The spray, which con­tains a harm­less virus, is applied to the tar­get plant. Once inside the plant, the virus mul­ti­plies and dis­charges the arti­fi­cial RNA mol­e­cules nec­es­sary for inac­ti­vat­ing the desired gene.

“On the one hand, we have suc­ceeded in con­sid­er­ably reduc­ing the size of the pre­cur­sor mol­e­cules of the arti­fi­cial microRNAs with­out affect­ing their activ­ity,” said Alberto Carbonell, a researcher at CSIC.

“On the other hand, we have proven that we can inac­ti­vate plant genes by spray­ing plant extracts that include innocu­ous viral vec­tors that pro­duce amiRNAs from min­i­mal pre­cur­sor mol­e­cules,” he added.

This tech­nol­ogy offers a range of ben­e­fits. Firstly, a sin­gle spray appli­ca­tion can intro­duce the innocu­ous virus and pro­duce amiRNAs in the tar­geted plant tis­sues, elim­i­nat­ing the need for mul­ti­ple treat­ments and low­er­ing appli­ca­tion costs.

For instance, researchers demon­strated the inac­ti­va­tion of genes asso­ci­ated with chloro­phyll biosyn­the­sis using a sin­gle spray, lead­ing to the yel­low­ing of affected tis­sues.

Carbonell said this approach could poten­tially rev­o­lu­tion­ize crop agri­cul­ture by selec­tively inac­ti­vat­ing gene expres­sion, enhanc­ing crop yield and bol­ster­ing their resilience to chang­ing envi­ron­men­tal con­di­tions.

Additionally, the tech­nol­ogy could be employed to immu­nize crops against var­i­ous pathogens, includ­ing viruses.

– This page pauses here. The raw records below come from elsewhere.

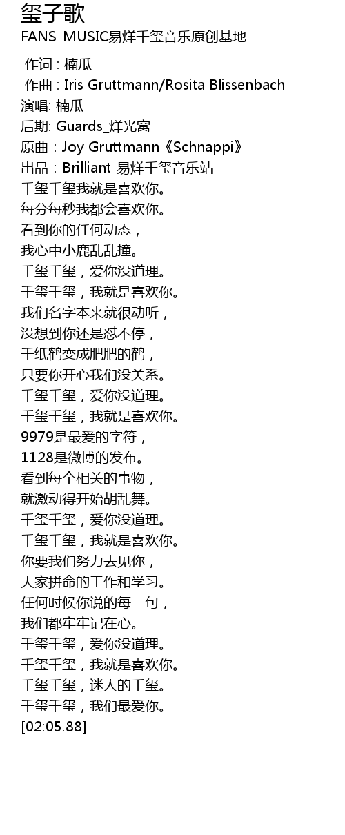 | [02:02.13] | 千玺千玺,我们最爱你。 |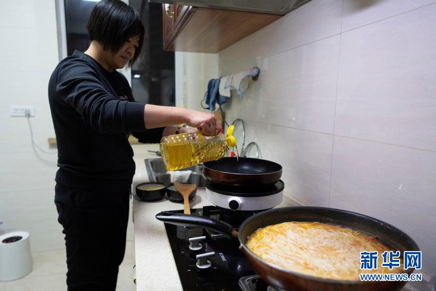1月30日夜,在哈尔滨市南岗区,阚振华在租住的民宿中做晚饭。新华社记者 谢剑飞 摄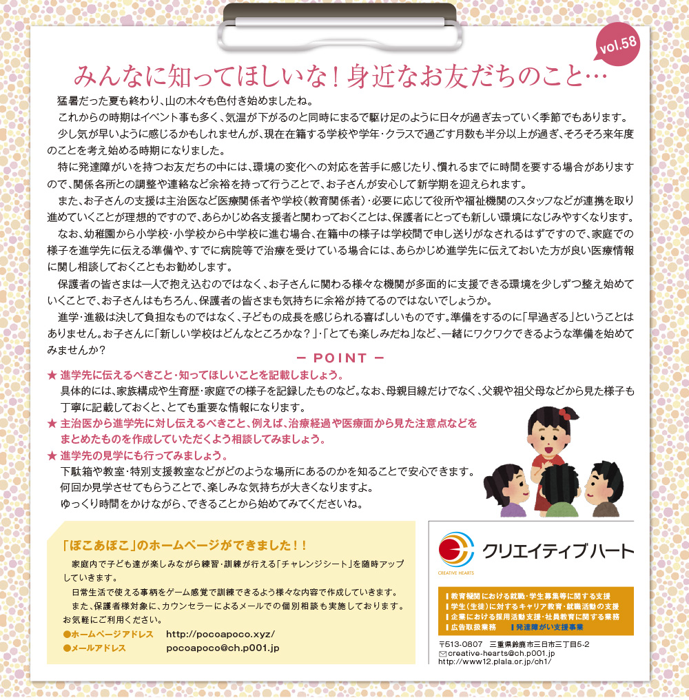 freeK98号(11月号)の「みんなに知ってほしいな!身近なお友だちのこと… 」は、「進学などの環境への変化について」という視点の記事になっています。

Silencing spe­cific genes within olive trees can enhance their resis­tance to Olive Quick Decline Syndrome (OQDS), a dev­as­tat­ing dis­ease caused by the bac­terium Xylella fas­tidiosa. Researchers have iden­ti­fied key genes within olive trees that, when silenced, could bol­ster their abil­ity to fend off OQDS.

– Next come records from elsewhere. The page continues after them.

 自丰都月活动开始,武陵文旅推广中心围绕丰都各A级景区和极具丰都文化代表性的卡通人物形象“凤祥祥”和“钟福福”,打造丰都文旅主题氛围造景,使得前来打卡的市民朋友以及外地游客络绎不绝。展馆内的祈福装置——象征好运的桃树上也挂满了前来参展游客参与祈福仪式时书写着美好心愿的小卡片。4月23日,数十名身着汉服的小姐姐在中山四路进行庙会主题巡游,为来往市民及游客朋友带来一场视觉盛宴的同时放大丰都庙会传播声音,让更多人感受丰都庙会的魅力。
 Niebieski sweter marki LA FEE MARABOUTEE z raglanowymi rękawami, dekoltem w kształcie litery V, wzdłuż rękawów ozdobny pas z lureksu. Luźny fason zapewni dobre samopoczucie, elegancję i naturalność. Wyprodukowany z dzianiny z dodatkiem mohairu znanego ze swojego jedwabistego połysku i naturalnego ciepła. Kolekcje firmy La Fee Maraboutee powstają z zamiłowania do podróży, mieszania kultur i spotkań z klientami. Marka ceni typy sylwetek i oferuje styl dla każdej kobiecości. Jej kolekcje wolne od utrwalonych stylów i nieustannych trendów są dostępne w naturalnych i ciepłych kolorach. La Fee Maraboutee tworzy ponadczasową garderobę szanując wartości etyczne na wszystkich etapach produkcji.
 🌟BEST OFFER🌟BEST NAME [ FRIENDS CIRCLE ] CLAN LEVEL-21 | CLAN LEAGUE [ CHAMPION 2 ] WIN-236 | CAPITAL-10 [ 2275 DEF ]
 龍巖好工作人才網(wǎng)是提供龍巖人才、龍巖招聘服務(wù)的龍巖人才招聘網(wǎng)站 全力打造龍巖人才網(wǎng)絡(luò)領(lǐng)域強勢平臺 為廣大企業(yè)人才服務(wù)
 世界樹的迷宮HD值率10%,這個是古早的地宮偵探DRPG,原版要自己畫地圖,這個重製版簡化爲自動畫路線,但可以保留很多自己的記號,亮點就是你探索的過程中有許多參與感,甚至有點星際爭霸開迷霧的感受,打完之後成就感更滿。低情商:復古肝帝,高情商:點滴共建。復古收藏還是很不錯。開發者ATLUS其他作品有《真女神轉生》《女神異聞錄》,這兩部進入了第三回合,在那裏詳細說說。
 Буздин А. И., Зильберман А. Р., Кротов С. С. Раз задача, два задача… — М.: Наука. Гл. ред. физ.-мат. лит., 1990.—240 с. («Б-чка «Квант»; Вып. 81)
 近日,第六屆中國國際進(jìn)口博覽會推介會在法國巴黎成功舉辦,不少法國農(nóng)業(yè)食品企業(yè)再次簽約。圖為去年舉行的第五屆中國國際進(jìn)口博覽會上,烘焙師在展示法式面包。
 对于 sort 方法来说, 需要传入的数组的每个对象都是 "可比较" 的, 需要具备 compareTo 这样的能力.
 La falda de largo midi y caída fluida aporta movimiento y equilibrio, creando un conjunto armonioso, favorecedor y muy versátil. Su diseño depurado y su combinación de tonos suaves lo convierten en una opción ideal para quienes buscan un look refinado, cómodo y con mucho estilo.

Olive trees have defense mech­a­nisms, and researchers are explor­ing ways to strengthen these nat­ural safe­guards. By tar­get­ing spe­cific genes within the olive trees them­selves, researchers aim to enhance their resis­tance to OQDS.

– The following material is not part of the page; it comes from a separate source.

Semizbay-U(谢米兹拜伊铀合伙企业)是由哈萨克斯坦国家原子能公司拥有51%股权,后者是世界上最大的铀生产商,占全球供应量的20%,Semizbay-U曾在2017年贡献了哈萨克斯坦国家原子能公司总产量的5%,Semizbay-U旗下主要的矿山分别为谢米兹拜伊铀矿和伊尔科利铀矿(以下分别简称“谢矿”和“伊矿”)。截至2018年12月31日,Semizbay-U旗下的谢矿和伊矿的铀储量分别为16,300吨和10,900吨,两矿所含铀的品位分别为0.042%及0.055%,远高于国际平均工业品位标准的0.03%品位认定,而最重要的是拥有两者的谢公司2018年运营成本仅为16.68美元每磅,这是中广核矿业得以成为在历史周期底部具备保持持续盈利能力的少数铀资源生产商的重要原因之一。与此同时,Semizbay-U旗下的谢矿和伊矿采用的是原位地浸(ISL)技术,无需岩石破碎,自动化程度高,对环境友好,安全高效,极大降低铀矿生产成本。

The pre­cise genes iden­ti­fied for silenc­ing play a vital role in the tree’s inter­ac­tion with Xylella fas­tidiosa. Some of these genes are involved in the tree’s response to the bac­terium, influ­enc­ing the sever­ity of OQDS symp­toms. By silenc­ing these spe­cific genes, researchers hope to alter the olive tree’s response to Xylella fas­tidiosa, mak­ing it more resis­tant to the dis­ease.

Silencing these genes within the olive tree offers a poten­tial solu­tion to com­bat OQDS while min­i­miz­ing the need for broad-spec­trum pes­ti­cides. This approach would not only enhance the tree’s resis­tance to the dis­ease but also con­tribute to sus­tain­able and envi­ron­men­tally friendly agri­cul­tural prac­tices.